§ Task prompt
Starting at the first line of the data, print every line up to and including the one with "Nas imagens, a", but no pictures.

§ Provided data

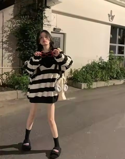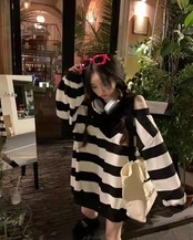 オープンショルダーもアクセントになり、オーバーサイズ感も可愛いトップスです。
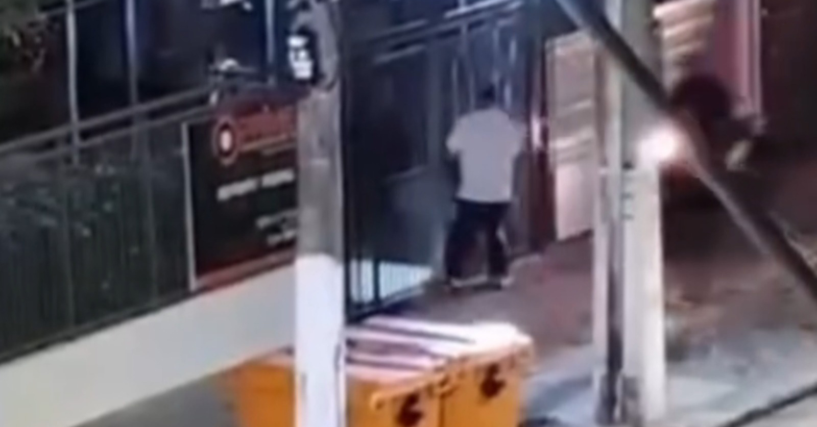 Nas imagens, a vítima ainda tenta reagir e derrubar o assaltante da moto. Ambos caem no chão, mas o criminoso rapidamente se levanta, recupera o veículo e tenta ligar a moto para fugir. No entanto, a moto não funciona e o assaltante fica por alguns minutos tentando fazer o veículo ligar
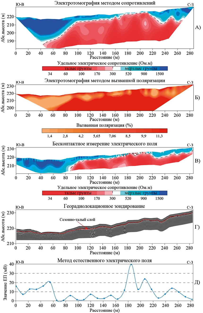 Проведенные исследования показали, что зоны с наличием мерзлых пород и линзы льда характеризуются высокими значениями УЭС (от 1000 Ом·м) при низких показаниях ВП (до 5 %), а таликовые зоны – низкими значениями УЭС (до 300 Ом·м) со значительно высокими ВП (9–15 %). Георадиолокационное зондирование позволило выявить границу слоя сезонного оттаивания, где на радарограмме с высоким контрастом отражаются зоны с наличием линзы льда и мерзлых пород. В интервале профиля 150–210 м граница сезонно-талого слоя выделяется в основном по прерывистым осям синфазности с переменной контрастностью, что объясняется слабыми отражениями или их отсутствием на границе подошвы сезонно-талого слоя и зоны талика. Метод измерения естественного электрического поля также показал результативность в представлении дополнительной информации о сквозной таликовой зоне в виде высоких значений потенциалов – 12,8–40 мВ. Таким образом, комплексный анализ данных электроразведочных исследований показал хорошую сопоставимость разных электрофизических свойств горных пород при оценке их криогенного состояния.
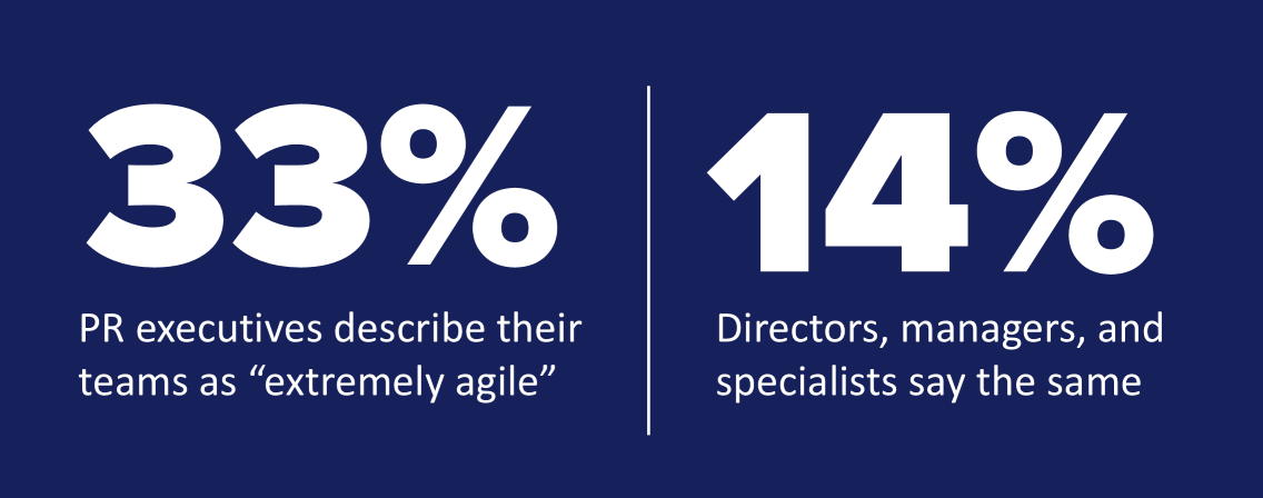 The media landscape and audience behaviors are shifting faster than ever. The most successful PR teams will be the ones who can learn, adjust, and iterate quickly. Yet according to our findings, only 56% of PR professionals describe their teams as “very” or “extremely” agile — and executives overestimate agility at twice the rate of their staffs (33% versus 14%). This gap shows that while agility is a top goal, structural barriers like team size, data access, and slow decision-making still hold many back. PR teams who resolve to identify and break down those barriers to agility will find themselves better positioned for success in 2026 – and beyond.

§ Result of this task
 オープンショルダーもアクセントになり、オーバーサイズ感も可愛いトップスです。
 Nas imagens, a vítima ainda tenta reagir e derrubar o assaltante da moto. Ambos caem no chão, mas o criminoso rapidamente se levanta, recupera o veículo e tenta ligar a moto para fugir. No entanto, a moto não funciona e o assaltante fica por alguns minutos tentando fazer o veículo ligar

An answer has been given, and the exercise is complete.